A Liquidity Mismatch Index (LMI) for Indian Banks

I. Introduction

The global financial crisis underscored how liquidity stress rather than solvency issues alone can trigger systemic instability in banking systems. In response, Basel III introduced regulatory tools such as the iquidity coverage ratio (LCR) and the net stable funding ratio (NSFR), which have since been widely adopted, including in India (Bhuyan & Srimany, 2014). However, these measures are largely static and rule-based, lacking a strong theoretical foundation and often failing to capture the dynamic interaction between asset liquidity and liability structure during periods of stress (Bai et al., 2018). To address these limitations, the liquidity mismatch index (LMI) was proposed as a more flexible and forward-looking alternative by Bai et al. (2018). The LMI integrates balance sheet data with time-varying liquidity weights on both assets and liabilities, offering a dynamic perspective on liquidity risk.

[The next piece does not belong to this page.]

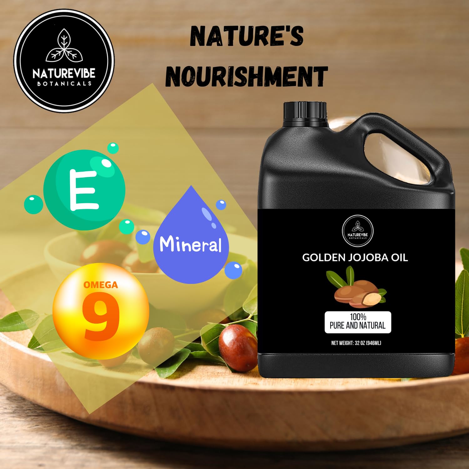Naturevibe Botanicals Golden Jojoba Oil 32 oz – 100% Pure, Cold-Pressed Moisturizer for Skin & Hair | Antioxidant-Rich, Non-Greasy, Carrier Oil & Daily Hydration

While the LMI has gained traction in advanced economies, its empirical application in emerging markets remains limited. In particular, little is known about how liquidity mismatches vary across bank ownership structures, such as between state-owned and domestic private banks, or how systemic events like the COVID-19 pandemic influence these dynamics. These questions are especially relevant in the Indian context, where the banking sector is characterized by diverse ownership structures and significant differences in regulatory treatment, governance, and market access (Acharya, 2012). Given these institutional characteristics, an LMI-based assessment can provide deeper insight into the vulnerabilities of Indian banks under stress.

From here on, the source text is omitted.